• [Work order]: Starting at the first line of the material below and stopping after the line that includes "11月5日,參觀者在第五屆進", write the lines out again exactly. Drop any pictures.

================

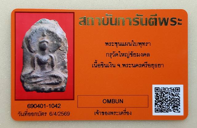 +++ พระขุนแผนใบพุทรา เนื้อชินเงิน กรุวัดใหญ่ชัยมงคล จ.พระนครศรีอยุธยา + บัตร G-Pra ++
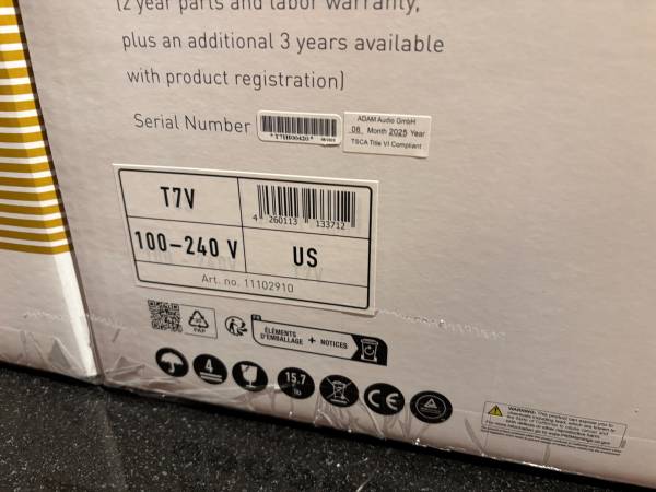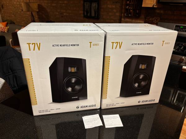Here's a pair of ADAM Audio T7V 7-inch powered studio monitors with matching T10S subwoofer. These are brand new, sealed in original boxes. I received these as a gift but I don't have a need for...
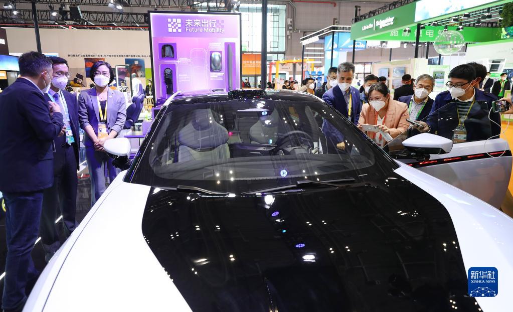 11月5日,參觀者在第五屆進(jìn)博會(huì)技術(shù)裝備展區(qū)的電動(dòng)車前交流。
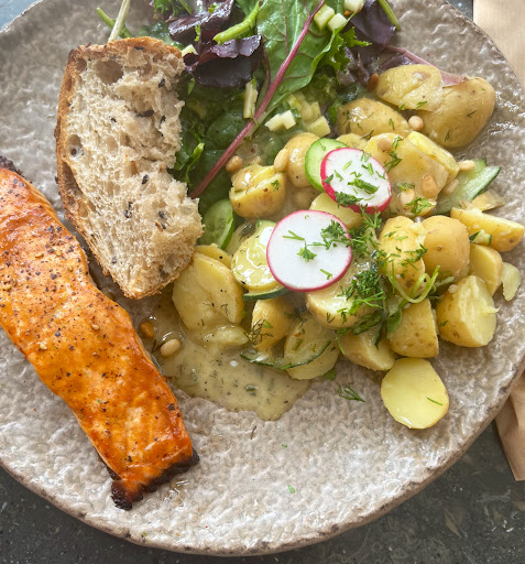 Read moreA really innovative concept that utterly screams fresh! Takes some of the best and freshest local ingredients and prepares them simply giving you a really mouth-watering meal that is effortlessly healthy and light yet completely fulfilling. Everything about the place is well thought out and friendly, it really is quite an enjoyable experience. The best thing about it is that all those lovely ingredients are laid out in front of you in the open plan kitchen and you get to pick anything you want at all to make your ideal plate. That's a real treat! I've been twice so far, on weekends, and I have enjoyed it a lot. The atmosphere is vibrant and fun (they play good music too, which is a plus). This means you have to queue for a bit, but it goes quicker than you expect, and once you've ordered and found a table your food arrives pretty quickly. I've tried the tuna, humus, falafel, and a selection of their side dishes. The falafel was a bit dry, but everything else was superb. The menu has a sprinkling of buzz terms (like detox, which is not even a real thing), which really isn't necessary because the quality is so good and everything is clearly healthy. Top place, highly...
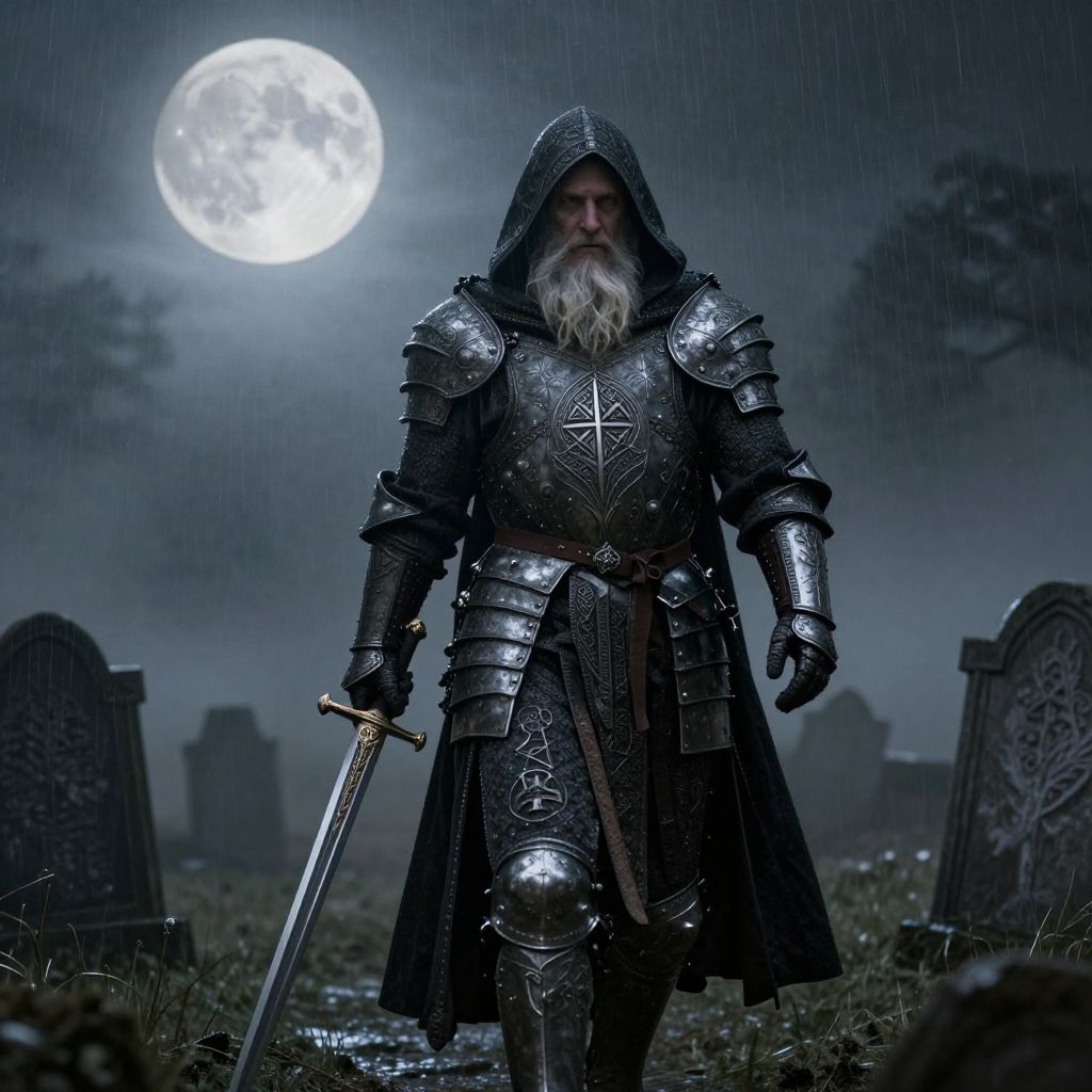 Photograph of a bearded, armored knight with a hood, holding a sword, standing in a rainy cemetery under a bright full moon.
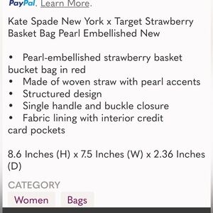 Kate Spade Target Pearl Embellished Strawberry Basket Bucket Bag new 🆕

================

• [Your solution]:
 +++ พระขุนแผนใบพุทรา เนื้อชินเงิน กรุวัดใหญ่ชัยมงคล จ.พระนครศรีอยุธยา + บัตร G-Pra ++
Here's a pair of ADAM Audio T7V 7-inch powered studio monitors with matching T10S subwoofer. These are brand new, sealed in original boxes. I received these as a gift but I don't have a need for...
 11月5日,參觀者在第五屆進(jìn)博會(huì)技術(shù)裝備展區(qū)的電動(dòng)車前交流。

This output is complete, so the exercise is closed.